Use evergreen boughs to mulch your bulb beds. This will prevent the soil from shifting and cracking.

Protect the bark of young trees from animals with wire or commercial tree-guard products. Shield evergreens from the sun with burlap screens or shade cloth shelters.

Stop fertilizing your roses in late summer and stop feeding them two months before you expect the first frost. Don't do any major pruning, and stop cutting blossoms. This will prevent new, tender growth that would be killed by the first frost.

Remove old mulch from around the roses and replace it with wood chips, shredded bark, or chopped leaves before the first hard frost. If rodents are an issue, wait until the ground freezes.
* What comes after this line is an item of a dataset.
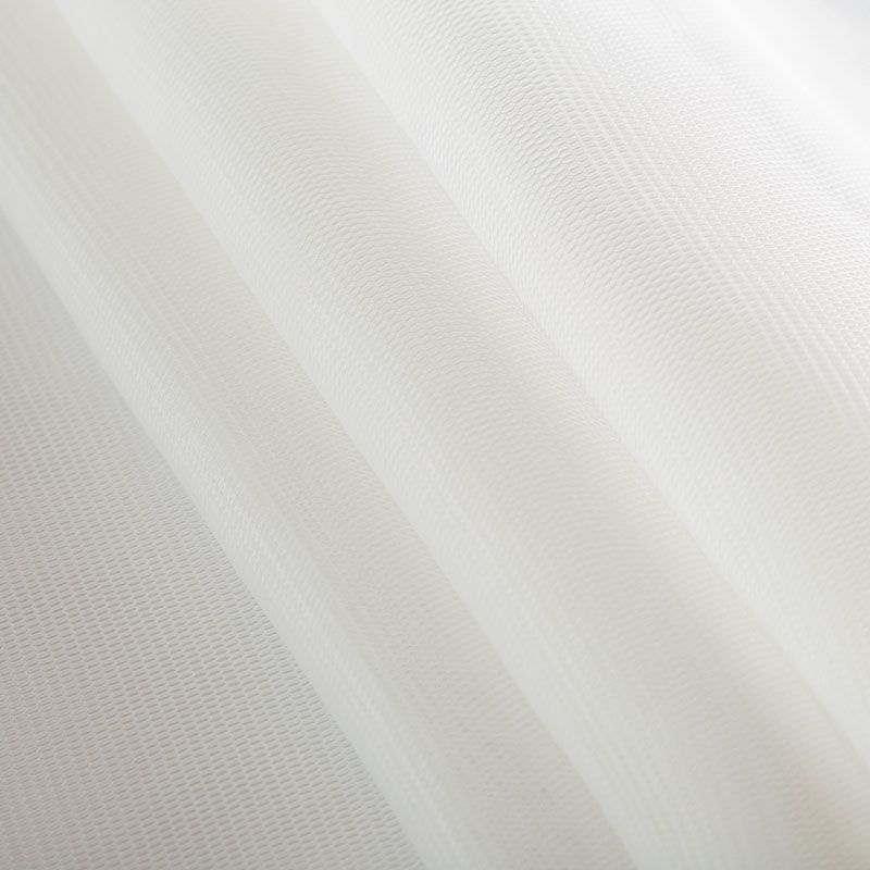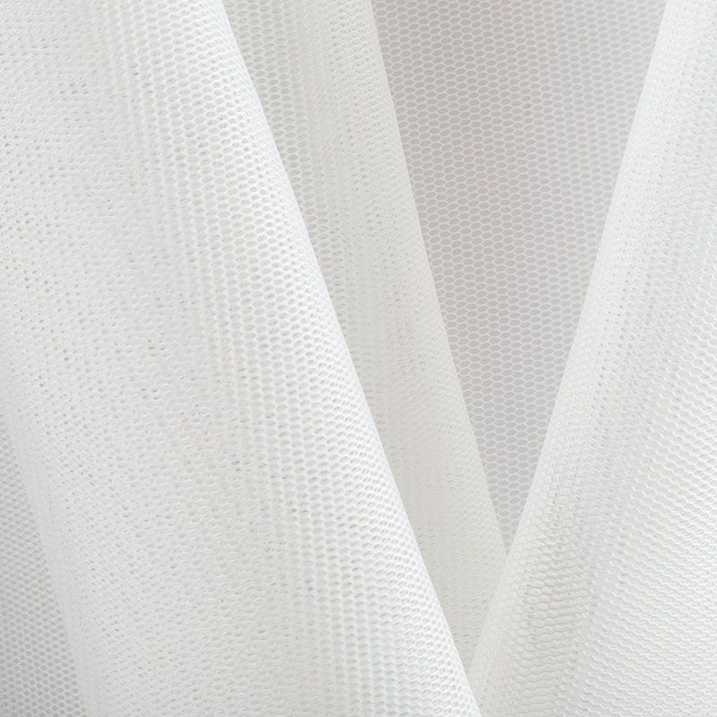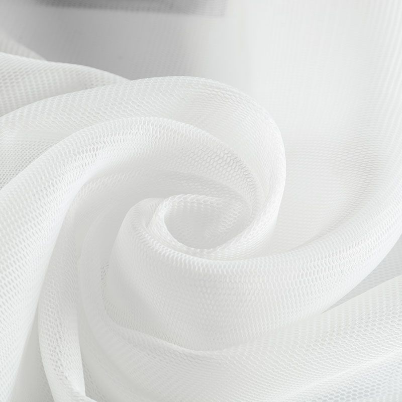 Объемный, эластичный материал белого цвета, состоящий из двойной мелкой сетки, по форме напоминающей соты. Упругое, мягкое с полупрозрачной фактурой полотно, пластичное и довольно прочное. Хорошо тянется, легкое и комфортное. Отлично держит форму. Рекомендуется для пошива объемных изделий или элементов: эксклюзивного жакета, бомбера, платья, юбки.

Water the roses well.

After the ground freezes, add more mulch. For rose trees, surround them with four stakes, wrap burlap around the stakes, and fill it in with shredded leaves. Protect low rose bushes with cylinders made from cardboard, metal, or plastic or foam rose cones filled with shredded bark, paper, or leaves. Protect grafts (bud unions) and crowns of roses with loose soil, wood chips, shredded bark, or shredded leaves piled a foot high. Wrap climbing roses with burlap or lay them horizontally on the ground and cover them with leaves, wood chips, or soil.
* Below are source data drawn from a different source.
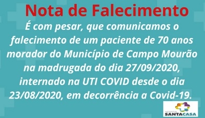 A Santa Casa confirmou neste domingo a morte, por covid-19, de morador de Campo Mourão 70 anos. Ele estava internado há mais de um mês. Agora são 39 óbitos por coronavírus no município e 108 na região.
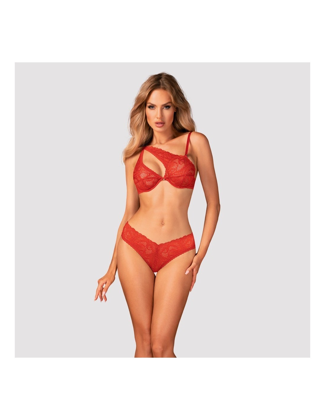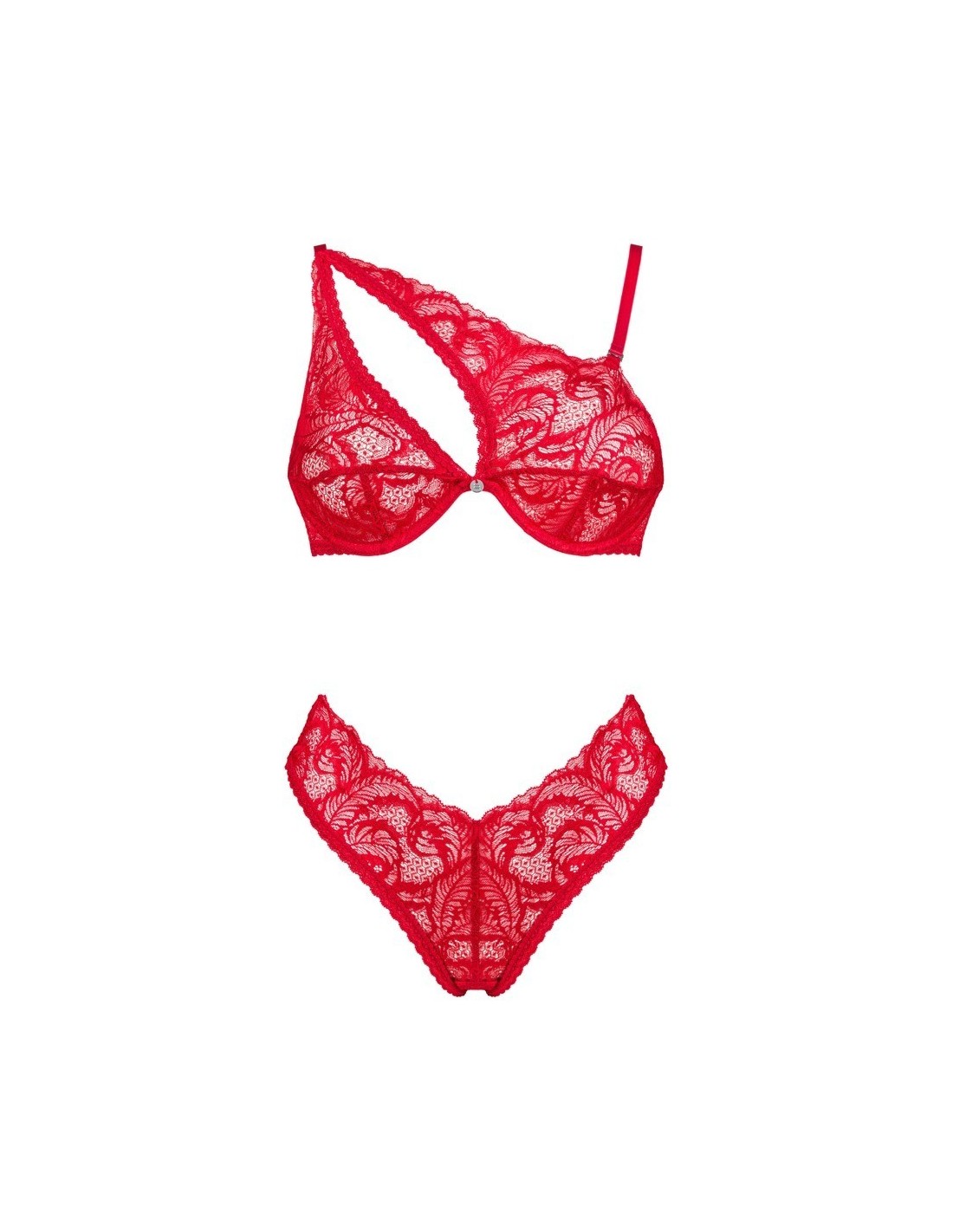 Reggiseno asimmetrico e mutandine estremamente femminili: questo è ciò che delizia il set Atenica. Il classico pizzo rosso sta benissimo sul corpo, enfatizzando i suoi punti di forza. I ferretti del reggiseno garantiranno un bell'aspetto e un perfetto
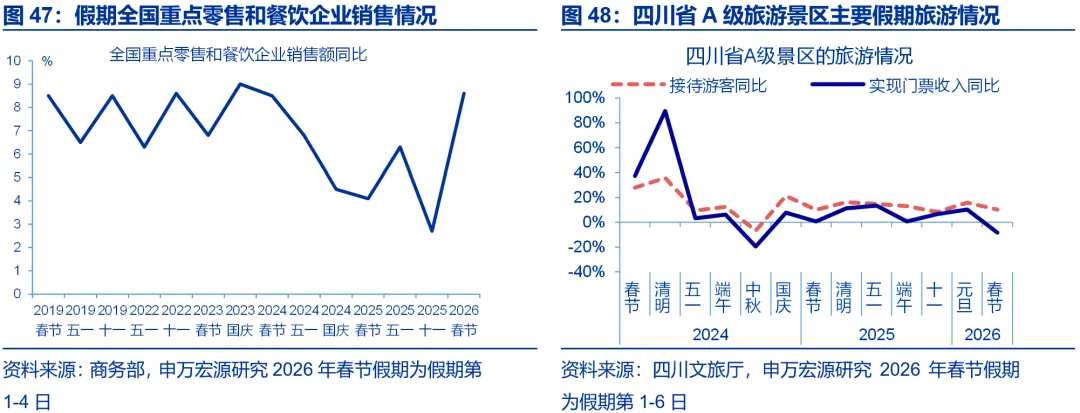 特征四:从旅游目的地看,假期内传统景点出行热度回升,特色旅游如“非遗游”等表现亮眼。假期第1-4天,全国重点零售和餐饮企业日均销售额同比8.6%、较2025年十一假期上行5.9个百分点,银联、网联累计交易达9.78万亿元,同比15.0%。从出行目的地看,传统景点热度回升,如四川省A级景区(第1-5日)接待旅客同比10.2%、较2025年十一假期上行1.9个百分点;门票收入虽有回落(同比回落14.9个百分点至-8.3%),背后与各地普遍推出门票减免、消费券发放等政策有关。情绪消费需求驱动下,春节出行呈现观光旅行向文化沉浸式体验转变的特征,如广东揭阳(3.8倍)、云南普洱(2.6倍)、河南开封(2.3倍)等非遗小城春节民宿预订量迎来翻倍式增长。

Leaf mold will promote healthy soil by improving its texture, creating air spaces in the soil that allow roots to penetrate, improving the soil's ability to absorb moisture, creating populations of microbes that improve the soil's fertility, and allowing earthworms to thrive and convert the leaves to nutrient-rich castings.
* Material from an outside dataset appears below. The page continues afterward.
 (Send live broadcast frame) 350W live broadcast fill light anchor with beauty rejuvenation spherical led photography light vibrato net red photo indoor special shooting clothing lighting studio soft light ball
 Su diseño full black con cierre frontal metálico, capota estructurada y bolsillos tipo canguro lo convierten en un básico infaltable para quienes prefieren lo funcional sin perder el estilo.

To create leaf mold, set up a wire cylinder or other container, shred leaves, and use them to fill the cylinder. Damp leaves will decompose faster. Use the leaf mold as organic mulch to prepare your garden for the winter.

Fall is the time to begin to prepare your garden for the colder weather that will be coming soon. Taking the right steps now can help your garden flourish next spring.